Try it → Copy nothing but the lines from the one containing "Resham Vol-7 Kurti" through the last line of the entries below, exactly as written and without pictures.

- Opening Delimiter -

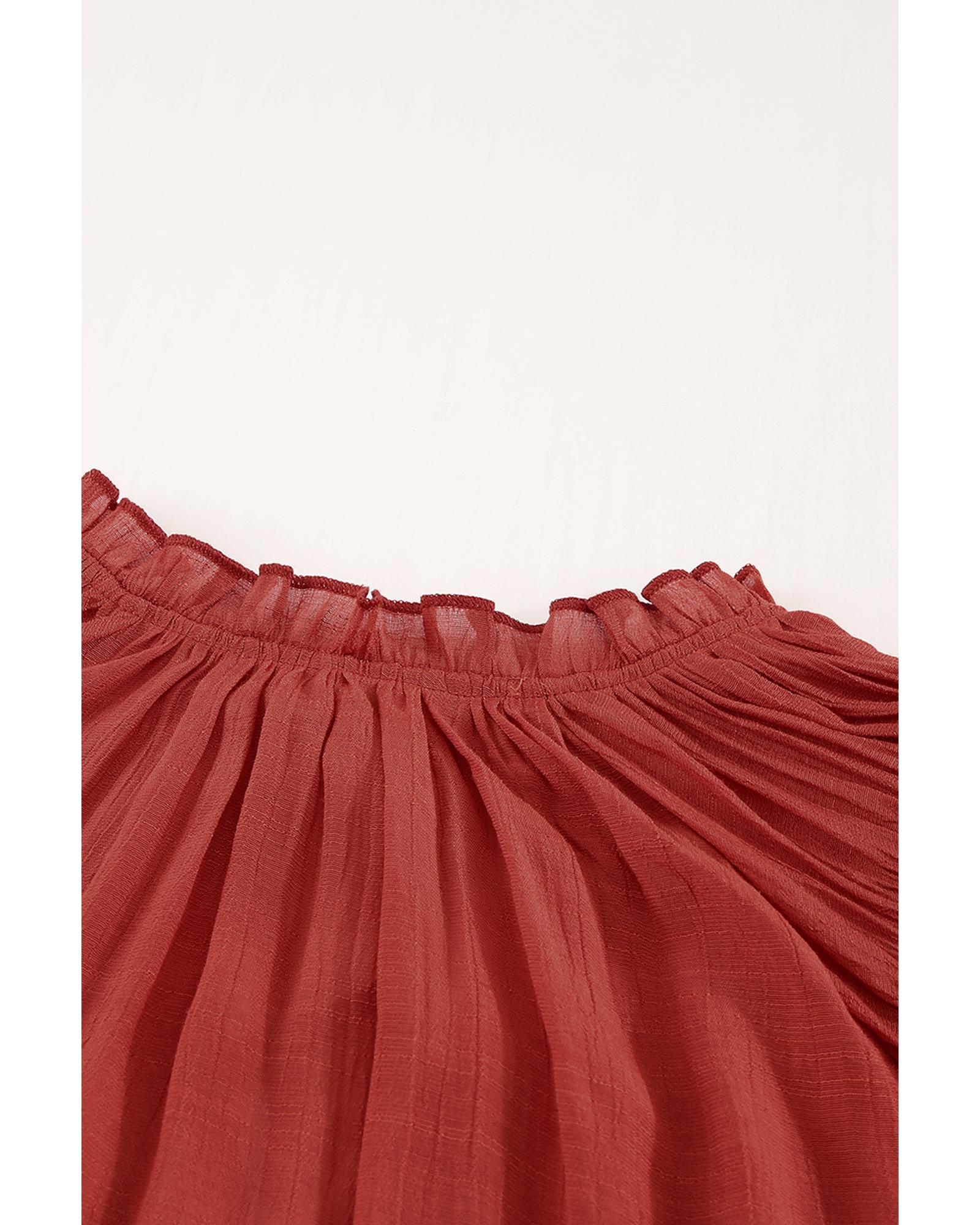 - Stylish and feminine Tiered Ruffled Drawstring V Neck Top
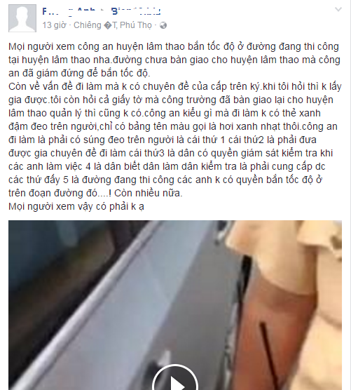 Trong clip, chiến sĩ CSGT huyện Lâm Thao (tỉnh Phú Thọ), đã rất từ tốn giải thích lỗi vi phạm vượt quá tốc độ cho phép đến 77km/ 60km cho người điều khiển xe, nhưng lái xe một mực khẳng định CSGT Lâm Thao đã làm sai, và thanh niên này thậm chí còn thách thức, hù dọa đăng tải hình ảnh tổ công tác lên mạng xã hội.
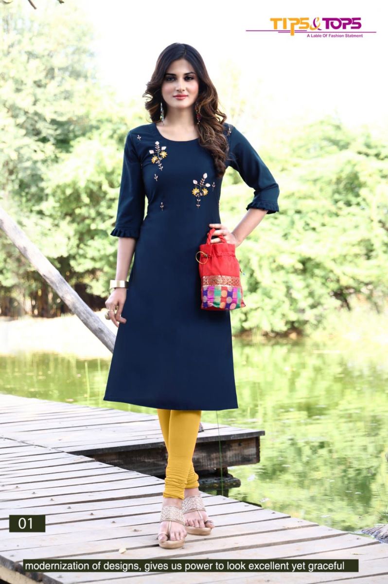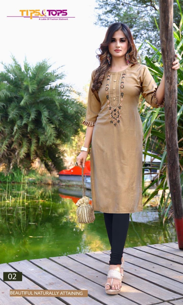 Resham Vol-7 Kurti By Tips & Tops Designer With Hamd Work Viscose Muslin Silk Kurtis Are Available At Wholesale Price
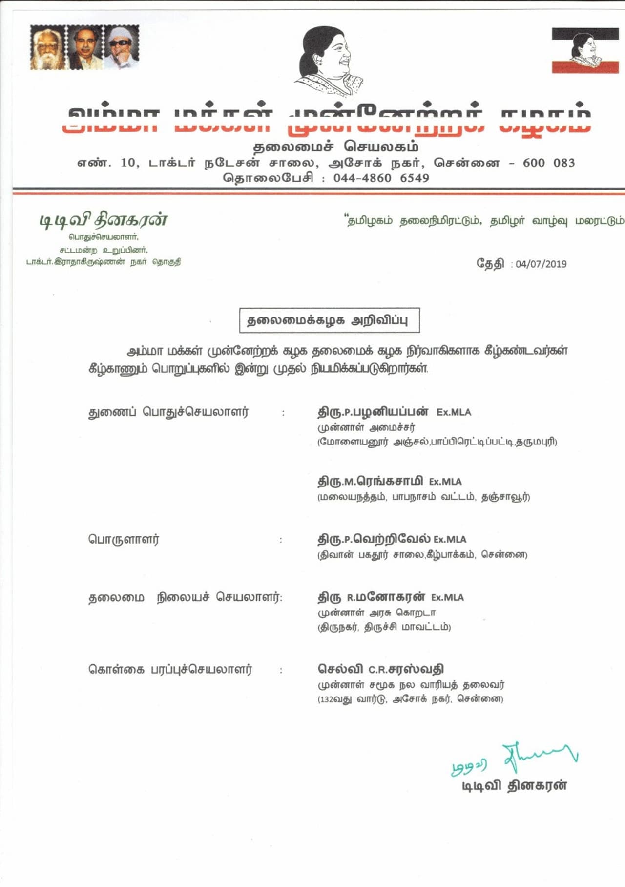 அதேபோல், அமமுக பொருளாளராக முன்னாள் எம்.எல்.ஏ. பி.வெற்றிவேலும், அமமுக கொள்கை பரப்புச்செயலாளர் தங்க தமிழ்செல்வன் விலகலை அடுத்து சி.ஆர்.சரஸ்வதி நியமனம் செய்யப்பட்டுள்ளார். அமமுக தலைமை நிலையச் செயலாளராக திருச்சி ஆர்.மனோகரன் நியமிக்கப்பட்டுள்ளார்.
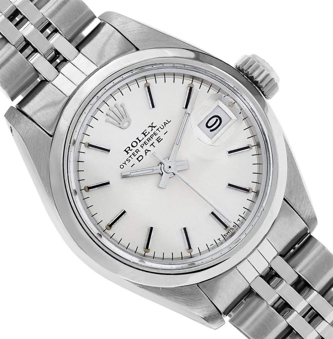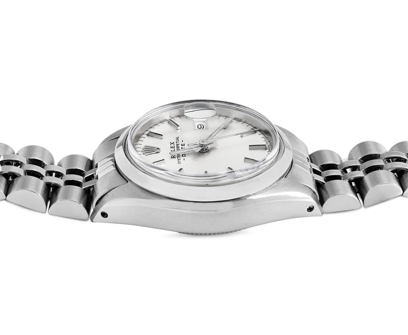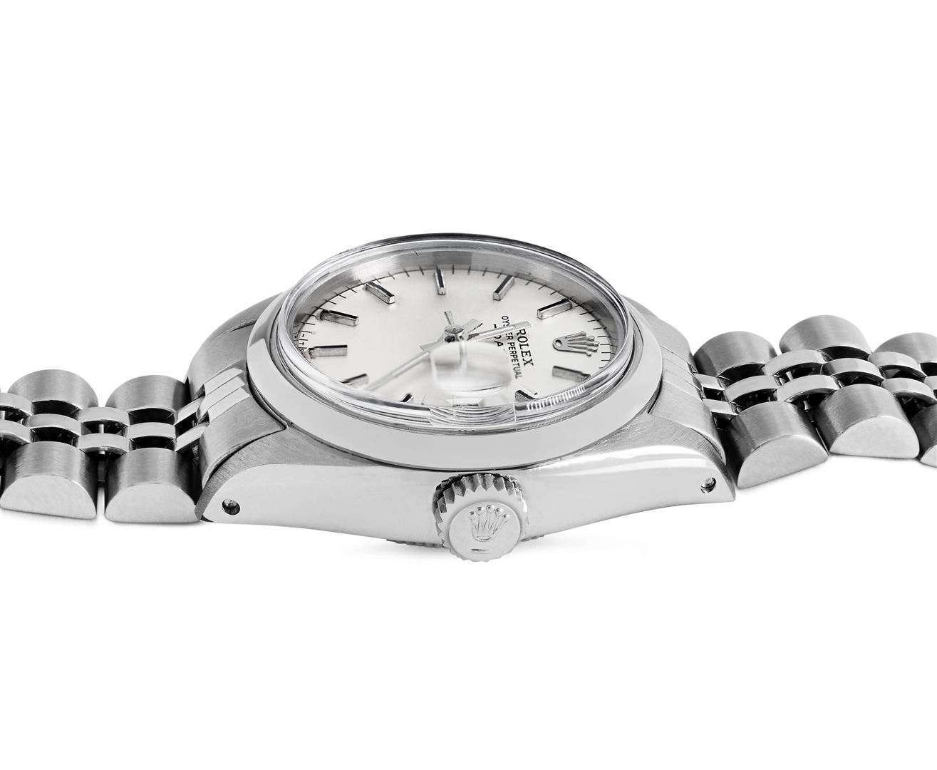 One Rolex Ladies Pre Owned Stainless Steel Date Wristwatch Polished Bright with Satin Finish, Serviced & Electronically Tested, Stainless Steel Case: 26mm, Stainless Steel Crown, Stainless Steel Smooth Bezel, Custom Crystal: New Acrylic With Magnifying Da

- Closing Delimiter -

Written solution →
 Resham Vol-7 Kurti By Tips & Tops Designer With Hamd Work Viscose Muslin Silk Kurtis Are Available At Wholesale Price
 அதேபோல், அமமுக பொருளாளராக முன்னாள் எம்.எல்.ஏ. பி.வெற்றிவேலும், அமமுக கொள்கை பரப்புச்செயலாளர் தங்க தமிழ்செல்வன் விலகலை அடுத்து சி.ஆர்.சரஸ்வதி நியமனம் செய்யப்பட்டுள்ளார். அமமுக தலைமை நிலையச் செயலாளராக திருச்சி ஆர்.மனோகரன் நியமிக்கப்பட்டுள்ளார்.
 One Rolex Ladies Pre Owned Stainless Steel Date Wristwatch Polished Bright with Satin Finish, Serviced & Electronically Tested, Stainless Steel Case: 26mm, Stainless Steel Crown, Stainless Steel Smooth Bezel, Custom Crystal: New Acrylic With Magnifying Da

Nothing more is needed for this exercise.